The basic precepts of First Amendment cosmopolitanism can be best understood by comparing them to the traditional, provincial approach to trans-border expressive and religious liberties.  According to the provincial account, the First Amendment has little application or relevance in trans-border contexts.  As the label implies, a provincial conception of the First Amendment treats its guarantees solely as a set of limitations on domestic governance.  Under this view, First Amendment liberties are localized and territorially determined.  This means that under a provincial orientation, the protections of the First Amendment are generally limited to domestic speakers addressing domestic audiences, localized associations and press activities, and the exercise of religious liberties within U.S. borders.  Under this conception, trans-border liberties are considered peripheral rather than core First Amendment concerns. 

First Amendment provincialism favors robust and preemptive exercises of federal immigration, national security, and diplomatic powers.  Thus, under a provincial view, ideological immigration exclusions and restrictions on cross-border information sharing do not raise substantial First Amendment concerns. Provincialism also accepts and vigorously defends the principle that the nation must speak with a single voice in terms of its foreign affairs and relations.  Further, although provincialism supports U.S. efforts to export First Amendment standards and norms, it rejects the notion that aliens enjoy First Amendment liberties at home or abroad.  According to the provincial account, the First Amendment has a very limited extraterritorial domain — and essentially no domain at all insofar as aliens abroad are concerned.

In addition to this narrow conception of First Amendment liberties, provincialism generally rejects engagement with the trans-national. It staunchly defends and seeks to protect First Amendment exceptionalism with regard to expressive and religious liberties. However, in its strongest form provincialism resembles a form of rights imperialism.  The recently enacted federal SPEECH Act, which forbids recognition by U.S. courts of foreign libel judgments obtained in nations that do not provide [N.Y. Times v.] Sullivan-like protections for libelous speech, is arguably one example of this orientation.  So is Oklahoma’s “Save Our State Amendment,” which forbids judicial recognition in that state’s courts of Sharia and indeed all forms of foreign law.  These and similar measures question the legitimacy of foreign judgments and foreign expressive and religious norms.  They apply U.S. norms even when the U.S. has a very limited connection to the underlying transaction or activity, and even though singling out “foreign” religious beliefs for discriminatory treatment flies in the face of the First Amendment’s religious liberty guarantees.  

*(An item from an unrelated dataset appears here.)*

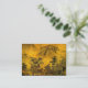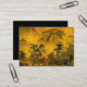 This fine art artist trading card features an impression of an ancient oriental landscape. Two small figures are walking through trees toward a pagoda in the foreground. Mountains loom in the distance. The autumn colors are gold, yellow, orange, green, brown and black.
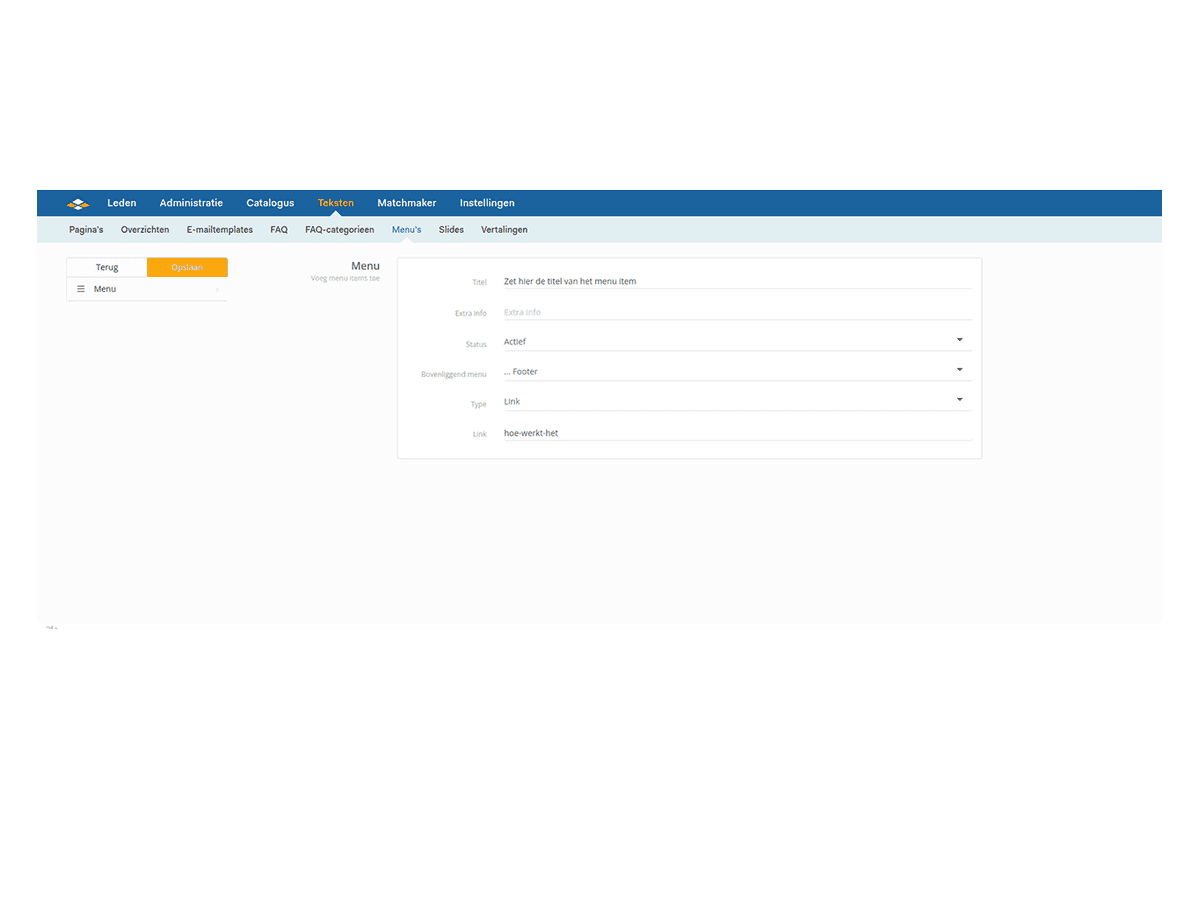 - You can change the order of a menu by dragging an item with the arrows on the right.

In contrast, cosmopolitanism views the exercise of trans-border expressive and religious liberties as significant rather than peripheral First Amendment concerns. First Amendment cosmopolitanism is based upon principles of freedom of movement across borders, free trans-border information flow, portability of First Amendment rights and obligations, and respect for foreign expressive and religious norms. As these precepts suggest, First Amendment cosmopolitanism rejects the notion that expressive and religious liberties are strictly defined or determined by reference to territorial borders.  Indeed, it rejects the notion that we can identify strictly demarcated “domestic” and “foreign” spheres.  This is especially so in our globalized or digitized era, in which expressive and religious activities and exercises of governmental power increasingly transcend territorial borders. 

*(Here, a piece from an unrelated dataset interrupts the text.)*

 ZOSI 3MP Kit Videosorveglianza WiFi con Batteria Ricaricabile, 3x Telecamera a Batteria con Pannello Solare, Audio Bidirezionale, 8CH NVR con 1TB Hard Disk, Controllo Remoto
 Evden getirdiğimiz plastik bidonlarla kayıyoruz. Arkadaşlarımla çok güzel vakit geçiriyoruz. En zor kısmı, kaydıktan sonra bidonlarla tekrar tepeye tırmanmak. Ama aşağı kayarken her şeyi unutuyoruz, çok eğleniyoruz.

Under a cosmopolitan orientation, government power is not considered unchecked or plenary at or beyond our borders — even in traditional areas of “plenary” power such as immigration, national security, and foreign relations.  First Amendment cosmopolitanism contemplates that laws restricting international travel and cross-border exchange, as well as limits on extraterritorial expressive and religious liberties, would be domesticated — in the sense that something closer to ordinary standards of judicial review would apply to them.

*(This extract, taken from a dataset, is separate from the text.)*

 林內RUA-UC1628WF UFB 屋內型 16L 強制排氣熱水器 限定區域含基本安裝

In addition, under a cosmopolitan approach, the First Amendment’s conceptual and operative domains would be considered more geographically expansive. Citizens, and even aliens in some circumstances, would enjoy First Amendment liberties regardless of frontiers or location. In the realm of foreign affairs, First Amendment cosmopolitanism rejects the unitary voice principle and views participation by sub-national governments and private actors in foreign policy debates as beneficial to democratic and national interests. In these and other respects, cosmopolitanism views the First Amendment as internationally relevant and at home in the world beyond our borders.

Consistent with this outlook, while First Amendment cosmopolitanism acknowledges the tensions between American exceptionalism and foreign expressive and religious norms, it rejects American isolationism, rights imperialism, and xenophobia. Instead, cosmopolitanism supports engagement with trans-national speakers, audiences, judgments, and legal sources.  This will pose some uncomfortable questions regarding American sovereignty and First Amendment exceptionalism. However, those questions are already on the table and must be answered.  To be clear, cosmopolitan principles do not invariably lead to a global speech standard or the diminution of First Amendment exceptionalism.  However, neither do those principles reject importation of foreign norms, judgments, or sources merely because they are foreign. 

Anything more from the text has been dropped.